One config block, sane defaults

Top of the script — the only thing you ever touch:

LICHESS_POSITIONS = 2_000_000   # backbone
USE_SELFPLAY      = True        # reads data/selfplay.txt if present
TACTICAL_PUZZLES  = 200_000
RANDOM_FILLER     = 100_000
STOCKFISH_DEPTH   = 18
RCLONE_REMOTE     = "gdrive:NowChess/datasets"
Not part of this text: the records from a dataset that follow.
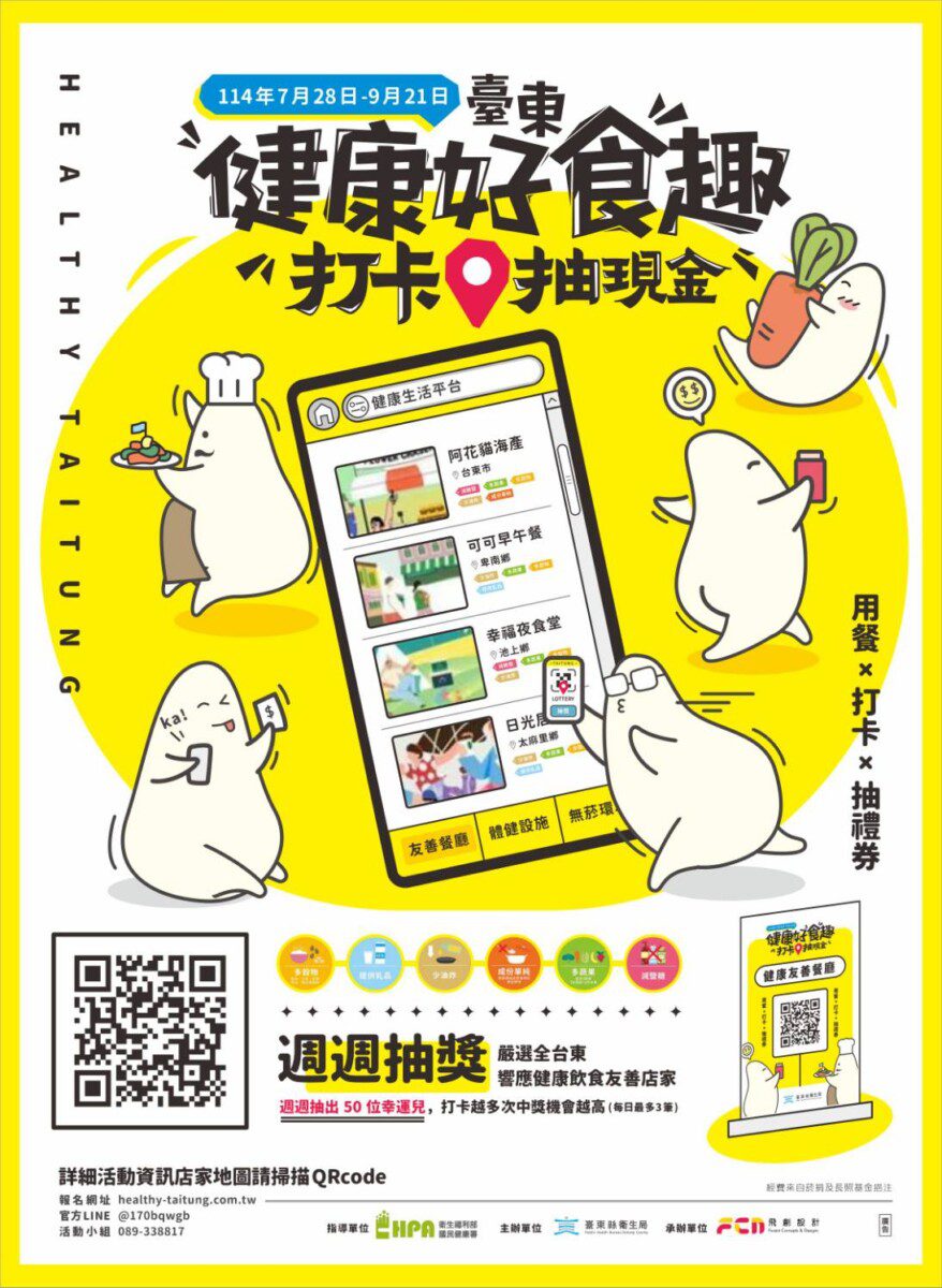 為積極推廣健康飲食概念,臺東縣衛生局推出「114年臺東健康好食趣,打卡抽現金」活動,自即日起至9月28日熱烈開跑!活動期間,只要前往指定的健康飲食友善餐廳消費,掃描店家專屬QR Code上傳照片,就有機會把全聯禮券帶回家!
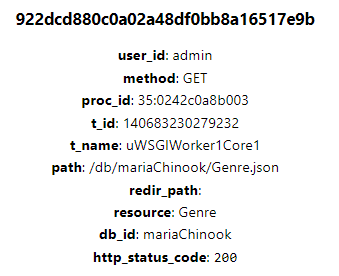 - the t_id (thread ID) of the SlashDB worker that handled the request
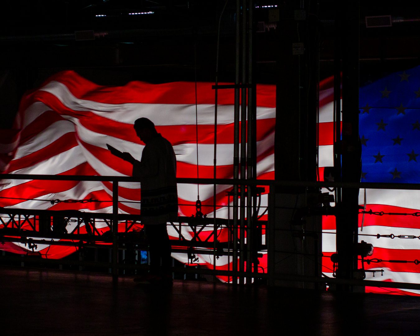 A man standing in front of the William Pope.L: Trinket exhibition at the Geffen Contemporary at MOCA Museum in Los Angeles, CA.
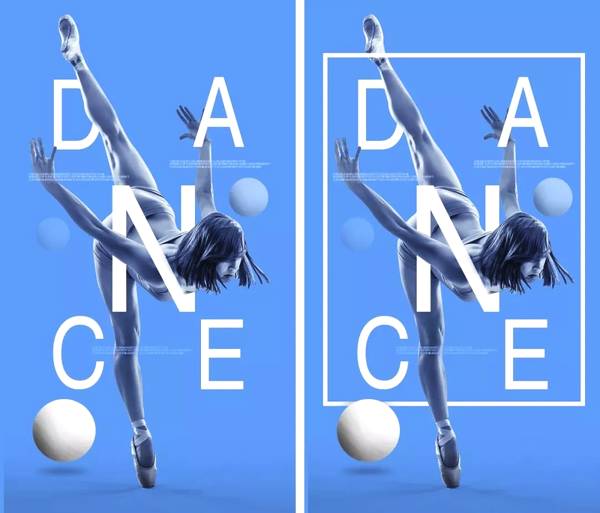 從左到右只是有無線框的差距,但在視覺上卻有形成了很大的反差,左側無線框元素的海報,給人的感覺是:視覺元素不夠整體化,而且因為視覺元素多且沒有形成很好的相互約束作用,反而有點雜亂;而右側僅僅通過添加一個線框元素,將眾多元素規為一個整體,劃定視覺范圍,使得畫面整體性提升了很多,而且看似元素很多,但是正是因為線框的約束能力,畫面非但沒有雜亂的感覺,反而相對左側畫面整體來看給人的感覺更加整齊!

Everything else (paths, workers=all cores, shard size, balancing bins) is internal.

dataset.sh

#!/usr/bin/env bash
set -euo pipefail
cd "$(dirname "$0")"
python build_dataset.py "$@"

Usage:

./dataset.sh          # full dataset (lichess + selfplay + tactical + filler) -> Drive

That single command: downloads backbone, labels self-play/tactical/filler, dedups, balances, shards, and rclone-pushes to Drive. Colab then syncs (concept doc §3).


End-to-end loop (the flywheel)

./selfplay.sh        # bot generates games with the current net
./dataset.sh         # fold them into a new dataset version, push to Drive
# (Colab) sync + train -> export nnue_weights.nbai
# drop .nbai into modules/official-bots/src/main/resources/, rebuild
./selfplay.sh        # next net plays stronger, better games... repeat

Build order

  1. SelfPlayMain.scala — standalone game loop, random openings, parallel games, FEN out.
  2. selfPlay Gradle JavaExec task + selfplay.sh.
  3. build_dataset.py — orchestrate existing importer/label/tactical/generate into shards + manifest; rclone push.
  4. dataset.sh.
  5. Shard/manifest read support in dataset.py + zstd streaming loader in train.py (consumed on Colab).
  6. Notebook: single "sync dataset version" cell, ephemeral /content clone.

Decisions to confirm

  • Self-play opponent: NNUEBot vs itself + random openings (planned). Add vs-Stockfish later if more decisive games wanted.
  • Self-play net source: use the .nbai bundled in resources (simplest), or accept a --weights path? Plan = bundled by default.
  • rclone remote name: confirm gdrive is your configured rclone remote, and the target folder NowChess/datasets.
  • Stockfish path on your box: $STOCKFISH_PATH or /usr/games/stockfish?